Государство и революция
Шрифт:
Здесь может возникнуть вопрос, правильным ли является обобщение опыта, наблюдений и заключений Маркса, перенесение их на пределы более широкие, чем история Франции за три года, 1848—1851 годы? Для разбора этого вопроса напомним сначала одно замечание Энгельса, а затем перейдем к фактическим данным.

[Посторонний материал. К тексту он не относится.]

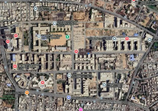 从地面拍摄的视频中出现的楼房形状来看,这架波音787-8坠毁在了距离医院主要建筑很近的位置(紧挨医院大门),可能砸到了医院的辅助建筑,不过应该没有直接砸进医院主楼。
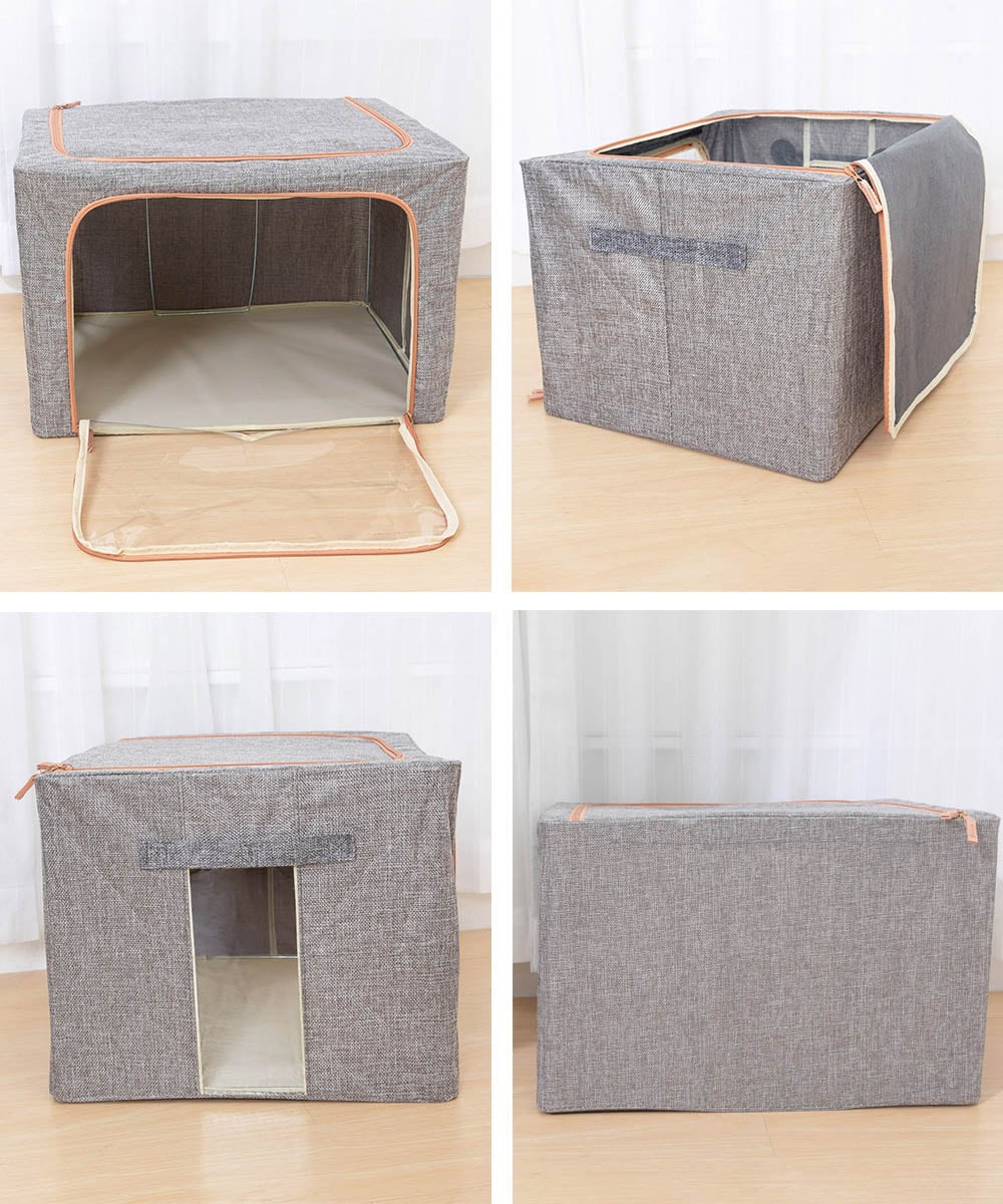 66Lの大容量で、大きな透明窓付きの折りたたみ式収納ボックス。

…«Франция — писал Энгельс в предисловии к 3-му изданию «18-го Брюмера» — Франция есть страна, в которой историческая борьба классов больше, чем в других странах, доходила каждый раз до решительного конца. Во Франции в наиболее резких очертаниях выковывались те меняющиеся политические формы, внутри которых двигалась эта классовая борьба и в которых находили свое выражение ее результаты. Средоточие феодализма в средние века, образцовая страна единообразной сословной монархии со времени Ренессанса, Франция разгромила во время великой революции феодализм и основала чистое господство буржуазии, с такой классической ясностью, как ни одна другая европейская страна. И борьба
Последнее замечание устарело, поскольку с 1871-го года наступил перерыв в революционной борьбе французского пролетариата, хотя этот перерыв, каким бы продолжительным он ни был, не устраняет нисколько возможности того, что в грядущей пролетарской революции Франция проявит себя, как классическая страна борьбы классов до решительного конца.

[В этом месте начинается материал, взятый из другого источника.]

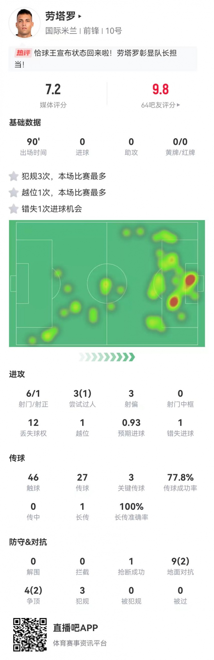 2025-03-09 14:25:27劳塔罗本场数据:6射1正+1失良机 3关键传球+3犯规 13对抗4成功

Но бросим общий взгляд на историю передовых стран в конце XIX и начале XX века. Мы увидим, что медленнее, многообразнее, на гораздо более широкой арене происходил тот самый процесс, с одной стороны, выработки «парламентарной власти» как в республиканских странах (Франция, Америка, Швейцария), так и в монархических (Англия, Германия до известной степени, Италия, скандинавские страны и т. д.), — с другой стороны, борьбы за власть различных буржуазных и мелкобуржуазных партий, деливших и переделявших «добычу» чиновничьих местечек, при неизменности основ буржуазного строя, — наконец, усовершенствования и укрепления «исполнительной власти», ее чиновничьего и военного аппарата.
Нет никакого сомнения, что это — общие черты всей новейшей эволюции капиталистических государств вообще. За три года, 1848—1851, Франция в быстрой, резкой, концентрированной форме показала те самые процессы развития, которые свойственны всему капиталистическому миру.
В особенности же империализм, эпоха банкового капитала, эпоха гигантских капиталистических монополий, эпоха перерастания монополистического капитализма в государственно-монополистический капитализм, показывает необыкновенное усиление «государственной машины», неслыханный рост ее чиновничьего и военного аппарата в связи с усилением репрессий против пролетариата как в монархических, так и в самых свободных, республиканских странах.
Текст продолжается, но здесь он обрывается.